Saturday, October 26, 2013

cheap energy created the anthropocene

At http://math.ucr.edu/home/baez/balsillie/ John Baez has slides from his recent talks on the characterization of climate change and what we will do about it. They are clearly thought out and presented, as always. Climate change is just one aspect of the anthropocene: the new era created by human activity. One of the todo actions is to leave fossil fuels in the ground.

The elephant in the room of this story is that our best chance to leave fossil fuels in the ground is to find cheaper energy and the only realistic chance of that lies in developing nuclear power.
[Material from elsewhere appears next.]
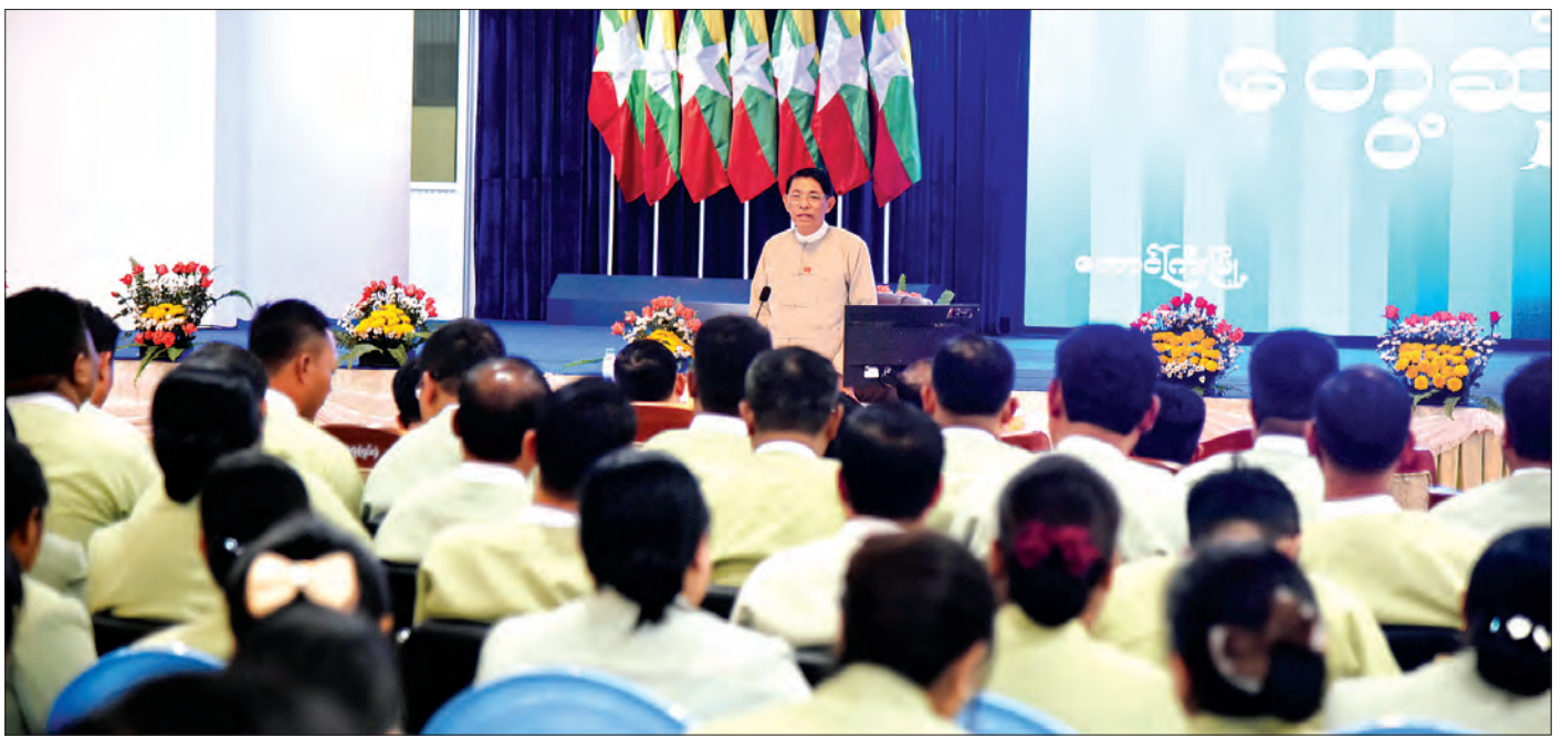
ပြည်ထောင်စုဝန်ကြီး ဦးမင်းသူ တောင်ကြီးမြို့၌ ကျင်းပသည့် ရှမ်းပြည်နယ် (တောင်ပိုင်း/မြောက်ပိုင်း)ရှိ အထွေထွေအုပ်ချုပ်ရေးဦးစီးဌာန ဝန်ထမ်းများနှင့် တွေ့ဆုံပွဲတွင် အမှာစကား ပြောကြားစဉ်။ သတင်းစဉ်

တောင်ကြီး ဖေဖော်ဝါရီ ၇ ပြည်ထောင်စုအစိုးရအဖွဲ့ရုံးဝန်ကြီးဌာန ပြည်ထောင်စုဝန်ကြီး ဦးမင်းသူသည် ရှမ်းပြည်နယ် (တောင်ပိုင်း/မြောက်ပိုင်း)ရှိ အထွေထွေအုပ်ချုပ်ရေးဦးစီးဌာန ဝန်ထမ်းများအား ယနေ့ ညနေ ၄ နာရီတွင် ရှမ်းပြည်နယ် တောင်ကြီးမြို့ရှိ ပြည်နယ် အထွေထွေအုပ်ချုပ်ရေးဦးစီးဌာနရုံး အစည်းအဝေးခန်းမ၌ တွေ့ဆုံသည်။ ရှေးဦးစွာ ရှမ်းပြည်နယ်အထွေထွေအုပ်ချုပ်ရေးဦးစီးဌာန ပြည်နယ်အုပ်ချုပ်ရေးမှူး ဦးစိုးစိုးဇော်က ပြည်နယ်အထွေထွေ အုပ်ချုပ်ရေးဦးစီးဌာနမှ ညွှန်ကြားရေးမှူးများ၊ “ဝ”ကိုယ်ပိုင် အုပ်ချုပ်ခွင့်ရတိုင်း၊ “ကိုးကန့်”၊ “ခန”၊ “ပအိုဝ်း”၊ “ပလောင်” ကိုယ်ပိုင်အုပ်ချုပ်ခွင့်ရဒေသ ဦးစီးအဖွဲ့မှူးများမှ တာဝန်ရှိသူများ နှင့် ခရိုင်အုပ်ချုပ်ရေးမှူးများ၊ မြို့နယ်အုပ်ချုပ်ရေးမှူးများနှင့် မိတ်ဆက်ပေးပြီး ရှမ်းပြည်နယ် အထွေထွေအုပ်ချုပ်ရေးဦးစီး ဌာန၏ လုပ်ငန်းဆောင်ရွက်မှု အခြေအနေများကို ရှင်းလင်း တင်ပြသည်။ ယင်းနောက် ပြည်ထောင်စုအစိုးရအဖွဲ့ရုံး ဝန်ကြီးဌာန ပြည်ထောင်စုဝန်ကြီး ဦးမင်းသူက မိမိအနေဖြင့် နိုင်ငံတော် သမ္မတ၊ နိုင်ငံတော်၏ အတိုင်ပင်ခံပုဂ္ဂိုလ်တို့နှင့် ပြည်တွင်းခရီးစဉ် များ သွားရောက်ကာ ရောက်သည့်နေရာတွင် အထွေထွေ အုပ်ချုပ်ရေးဝန်ထမ်းများနှင့် စာမျက်နှာ ၁၁ ကော်လံ ၁ ❄

The trouble is that the anthropocene has arisen from cheap energy. It lets us destroy habitats, destroy fish stocks, and much more. Cheaper energy will make this worse, even if it fixes the CO2 problem. The answer will lie in extending the 19th/20th century idea of a national park, to create an international park which is a substantial subset of the biosphere. The other side of the coin is the human conquest of space. There are many lifeless worlds out there, just waiting for us to make them more interesting.

Friday, October 25, 2013

scientific errors in medicine

The obesity-health saga is an interesting example of scientific error. There is a clear correlation between being overweight and having various health problems, particularly Type 2 diabetes. So nobody looked more closely at that. Everyone is advised to lose weight.

But then they did look more closely and low and behold we find: For most people, carrying extra weight is actually protective. At any given level of fitness it is better to have more weight.

So why is carrying weight associated with disease? The answer is that most people who are fit are relatively slim because it is hard to keep the weight on if you get fit. So being overweight is correlated with lack of fitness, and that is the problem. If you can be fit and keep the weight, with a high proportion of muscle, then that is ideal.

Medical science seems particularly prone to jump to conclusions based on correlation alone, but it is an easy mistake in many disciplines. Medical science is pretty good at other sorts of errors, including pure guesswork, like "eating fat makes you fat" (most people lose weight on a high fat low carb diet); or eating cholesterol will increase your cholesterol levels leading to heart disease.